■ TASK DETAILS: Could all of the entries be written out exactly, with any pictures omitted?

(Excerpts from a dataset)

- Opening Delimiter -

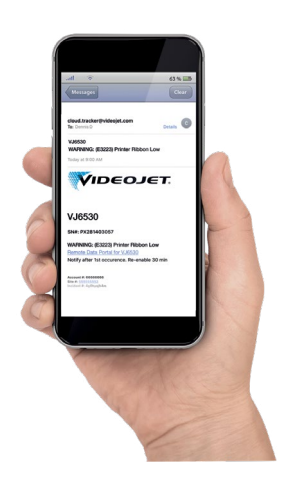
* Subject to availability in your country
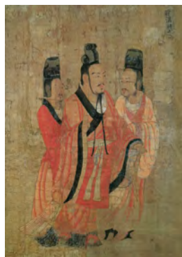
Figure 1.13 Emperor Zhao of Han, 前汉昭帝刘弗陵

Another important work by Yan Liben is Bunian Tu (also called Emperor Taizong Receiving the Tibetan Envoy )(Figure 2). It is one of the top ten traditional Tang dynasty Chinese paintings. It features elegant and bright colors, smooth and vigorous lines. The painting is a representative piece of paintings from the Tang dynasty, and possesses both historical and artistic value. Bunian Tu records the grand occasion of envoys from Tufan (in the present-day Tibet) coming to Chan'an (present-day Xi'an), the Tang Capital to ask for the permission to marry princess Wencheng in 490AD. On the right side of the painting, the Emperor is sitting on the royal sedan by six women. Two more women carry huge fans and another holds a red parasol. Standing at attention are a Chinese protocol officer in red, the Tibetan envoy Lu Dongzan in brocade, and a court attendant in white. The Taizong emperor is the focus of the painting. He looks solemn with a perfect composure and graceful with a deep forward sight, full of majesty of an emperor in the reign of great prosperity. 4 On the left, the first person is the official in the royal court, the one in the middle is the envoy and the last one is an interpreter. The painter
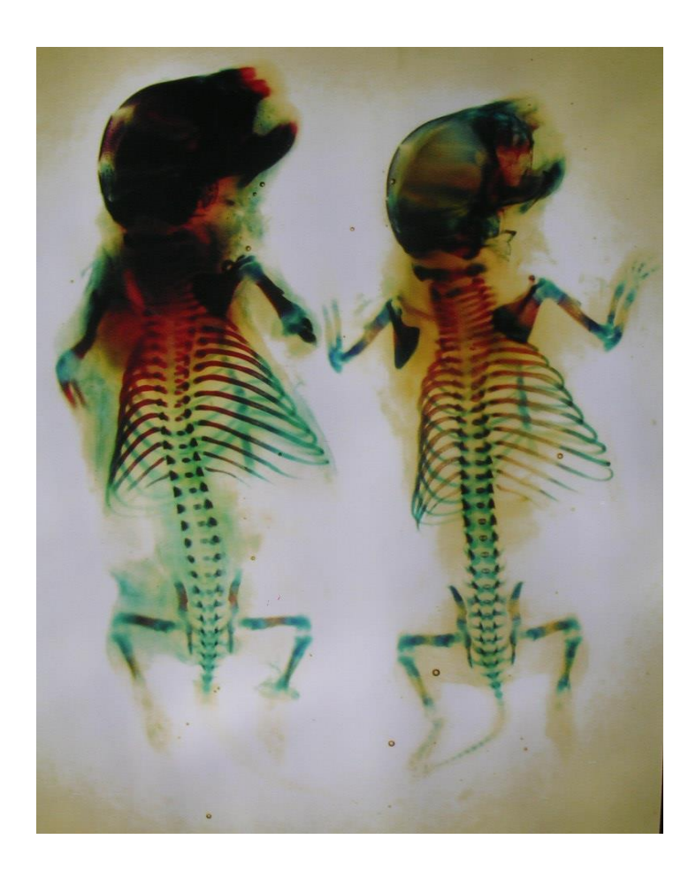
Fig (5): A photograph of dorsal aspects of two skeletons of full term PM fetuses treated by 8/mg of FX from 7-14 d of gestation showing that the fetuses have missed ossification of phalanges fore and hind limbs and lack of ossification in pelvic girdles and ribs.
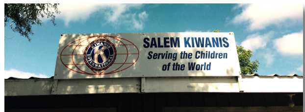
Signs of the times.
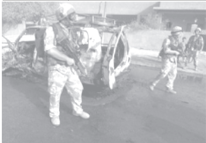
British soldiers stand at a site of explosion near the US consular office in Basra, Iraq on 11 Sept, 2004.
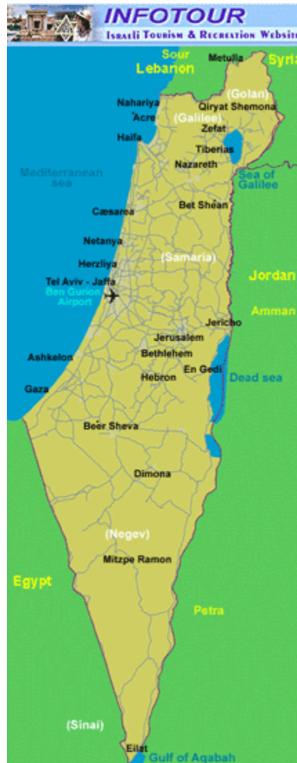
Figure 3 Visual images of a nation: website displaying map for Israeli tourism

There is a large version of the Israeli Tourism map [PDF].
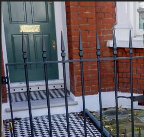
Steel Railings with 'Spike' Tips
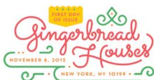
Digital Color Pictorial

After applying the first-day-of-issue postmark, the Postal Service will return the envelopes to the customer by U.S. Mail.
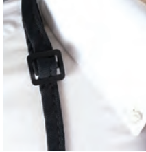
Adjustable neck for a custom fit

- Closing Delimiter -

■ THE COMPLETED TASK:
* Subject to availability in your country
Figure 1.13 Emperor Zhao of Han, 前汉昭帝刘弗陵

Another important work by Yan Liben is Bunian Tu (also called Emperor Taizong Receiving the Tibetan Envoy )(Figure 2). It is one of the top ten traditional Tang dynasty Chinese paintings. It features elegant and bright colors, smooth and vigorous lines. The painting is a representative piece of paintings from the Tang dynasty, and possesses both historical and artistic value. Bunian Tu records the grand occasion of envoys from Tufan (in the present-day Tibet) coming to Chan'an (present-day Xi'an), the Tang Capital to ask for the permission to marry princess Wencheng in 490AD. On the right side of the painting, the Emperor is sitting on the royal sedan by six women. Two more women carry huge fans and another holds a red parasol. Standing at attention are a Chinese protocol officer in red, the Tibetan envoy Lu Dongzan in brocade, and a court attendant in white. The Taizong emperor is the focus of the painting. He looks solemn with a perfect composure and graceful with a deep forward sight, full of majesty of an emperor in the reign of great prosperity. 4 On the left, the first person is the official in the royal court, the one in the middle is the envoy and the last one is an interpreter. The painter
Fig (5): A photograph of dorsal aspects of two skeletons of full term PM fetuses treated by 8/mg of FX from 7-14 d of gestation showing that the fetuses have missed ossification of phalanges fore and hind limbs and lack of ossification in pelvic girdles and ribs.
Signs of the times.
British soldiers stand at a site of explosion near the US consular office in Basra, Iraq on 11 Sept, 2004.
Figure 3 Visual images of a nation: website displaying map for Israeli tourism

There is a large version of the Israeli Tourism map [PDF].
Steel Railings with 'Spike' Tips
Digital Color Pictorial

After applying the first-day-of-issue postmark, the Postal Service will return the envelopes to the customer by U.S. Mail.
Adjustable neck for a custom fit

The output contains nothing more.